Ma la cornice storica, compresi gli eroi rimasti senza nome, i traditori, la manovalanza nera o rossa, i burattinai rimasti al coperto (ogni riferimento alla loggia massonica P2 non è casuale) e le vittime innocenti di questa guerra rimane. Dalle bombe del 1969 fino a quella tragica estate del 1980, culminata con i due più gravi disastri della nostra storia a cui si arriva, in un crescendo di tensione: il Dc9 dell’Italia esploso in volo, abbattuto sul Tirreno tra Ponza e Ustica e poco più di un mese dopo, la bomba alla stazione di Bologna.

Adesso veniamo al favore piccolo piccolo che concluderà il nostro rapporto. Ricordi? Molti, molti anni ti era stato chiesto di uccidere il colonnello Gheddafi. Non accettasti. Accetterai ora.

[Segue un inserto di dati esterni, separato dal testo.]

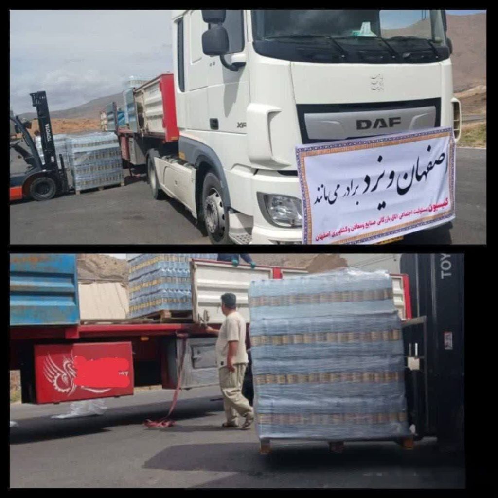 ارسال محموله آب معدنی از سوی اتاق بازرگانی اصفهان با پیام زیبای «اصفهان و یزد برادر میمانند»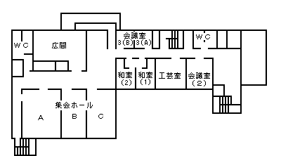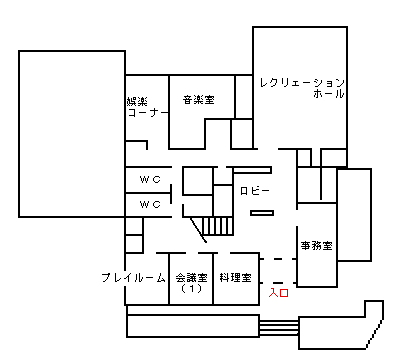施設内容 会議室2・和室・工芸室(音楽室)・料理室・体育室(舞台付き)・グループ室・プレイルーム・図書コーナー・娯楽コーナー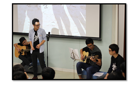 Then there was the live performance from LandMan Music, a mainland undergraduate student group from HKU. Aimed at spreading their music concept and dream, they have already achieved great success. In their new song, Roving, they used beautiful melodies to express their genuine feeling of homesick and their pursuit of ideals, singing out the heartfelt wishes of many mainland students. Deeply moved and impressed, the guests and students applauded them for their music talent and creativity.
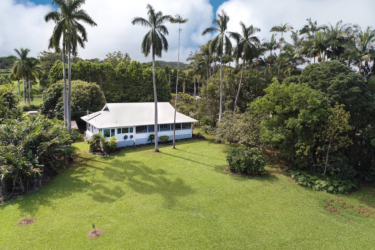 This modern farm house offers beautiful views of our bustling organic farm and the Kona coastline beyond. Nestled in a secluded banana grove, this private custom 2 bedroom/2 bath home boasts comfortable Cal King beds, fresh linens, vibrant plants, vintage island furnishings, a well-appointed kitchen, and welcoming outdoor living spaces. You can sample our organic farm produce in a welcome basket, as well as at nearby stores and restaurants a short walk away in Kealakekua village.

A quale funerale si riferisce l’autore, nel titolo? All’ultima vendetta che chiuderà la caccia all’uomo del tenente Degiorgi, per impedire l’attentato al presidente partigiano (che avrete anche immaginato chi sia), che avrà anche un colpo di scena degno dei migliori thriller.

Ne aveva veduti, Luis, di morti nella sua vita di militare. Mai un simile disastro. Mormorò «Ci sarà un mesto funerale per quegli innocenti». Sotto di lui si avvicinarono le montagne, dirupi, canaloni, rocce. «E ci sarà un altro funerale, dopo Ustica».